On Stock Titan, users can combine real-time updates from EDGAR with AI-assisted views of Palvella’s filings to more quickly understand the significance of new 8-Ks and related exhibits. This includes identifying which filings discuss clinical data, regulatory interactions, or financial performance, and how those disclosures relate to the company’s investigational product candidates, all while recognizing that QTORIN™ rapamycin and QTORIN™ pitavastatin remain unapproved therapies.
Palvella Therapeutics director George M. Jenkins bought 4,000 shares of common stock at $125 per share in an underwritten offering that closed on February 27, 2026. This purchase, reported as an open-market or private transaction, increased his direct holdings to 187,171 shares. He also reports indirect ownership of 13,516 shares held by Eagles Mere Air Museum Foundation.
Palvella Therapeutics director Elaine J. Heron reported buying 2,400 shares of common stock in an underwritten offering at $125 per share on February 27, 2026. This open-market purchase increased her direct holdings to 47,812 shares of Palvella Therapeutics.

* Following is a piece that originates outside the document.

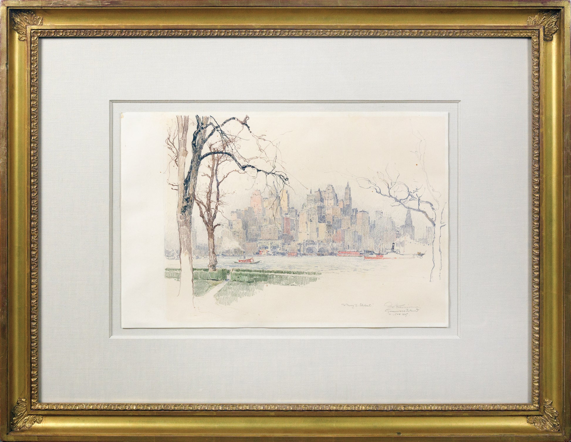 LUIGI KASIMIR (1881-1962). View of [New York from] Governor’s Island. 1927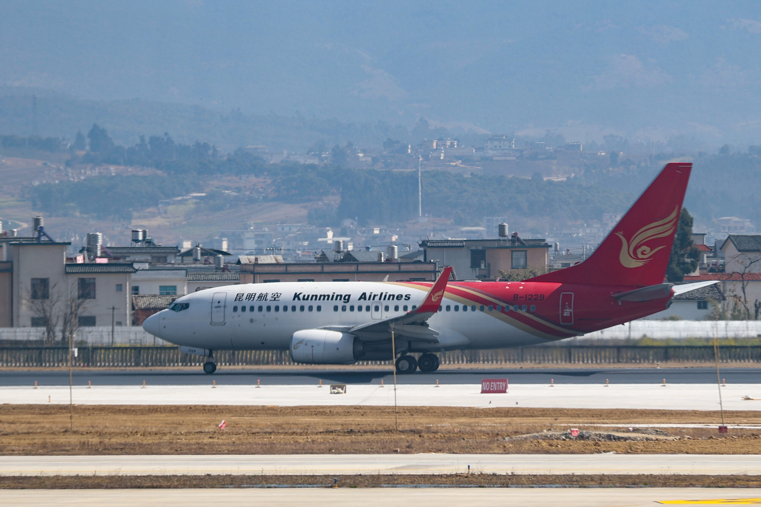 4月18日,中国民用航空局航空安全办公室副主任李勇透露,2023年一季度,民航经济运行持续恢复、逐步向好。一季度国内航空客运规模恢复至疫情前约九成。资料图为1月27日,一架民航客机准备从云南保山云瑞机场起飞。

The Form 4 also reports 5,879 shares of common stock held indirectly by a trust associated with Heron, reflecting additional ownership beyond her directly held shares.
Palvella Therapeutics, Inc. entered an underwriting agreement to sell 1,600,000 shares of common stock at $125.00 per share in a public offering. The underwriters also have a 30-day option to buy up to an additional 240,000 shares at the same public price, less underwriting discounts and commissions.

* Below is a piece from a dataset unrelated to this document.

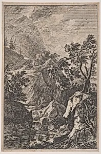 In this evocative etching,Plate 6* from Joachim Beich's series *Landscapes in manner of Salvator Rosa (ca. 1700–25), visitors are drawn into a dramatic natural scene. Two male figures perch boldly on a rocky outcrop at the right while a cascading waterfall dominates the center, with another solitary figure poised on its left bank. composition captures the wild, untamed beauty of, blending human presence with rugged terrain in a compact plate measuring just 9 7/16 × 6 1/8 inches. Beich, a German engraver active in the early 18th century, skillfully emulates the style of 17th-century Italian Ba...

Palvella expects to receive approximately $187.3 million in net proceeds after underwriting discounts, commissions and estimated expenses. The company plans to use these funds, together with existing cash, cash equivalents and marketable securities, to support development of its programs, including QTORIN rapamycin and QTORIN pitavastatin, and for working capital and other general corporate purposes, including research and development expenses.
The offering is being made under an effective Form S-3 shelf registration statement and a prospectus supplement dated February 25, 2026. The transaction is expected to close on or about February 27, 2026, subject to customary closing conditions, and all shares in the deal are being sold by Palvella.
Palvella Therapeutics, Inc. is conducting a registered primary offering of 1,600,000 shares of its common stock at a public offering price of $125.00 per share, with gross proceeds of $200,000,000 and net proceeds to the company of approximately $187.3 million before expenses. The underwriters have a 30-day option to purchase up to 240,000 additional shares.
The offering prospectus notes directors have indicated non‑binding interest in purchasing shares on the same terms as other investors. The company expects to use proceeds to support development of its QTORIN programs, including QTORIN rapamycin and QTORIN pitavastatin, and for working capital and general corporate purposes.
Separately, Palvella disclosed positive topline Phase 3 SELVA results for QTORIN rapamycin in microcystic lymphatic malformations, meeting its primary and multiple secondary endpoints (p<0.001), and reported preliminary cash, cash equivalents and marketable securities of approximately $55.9 million as of December 31, 2025.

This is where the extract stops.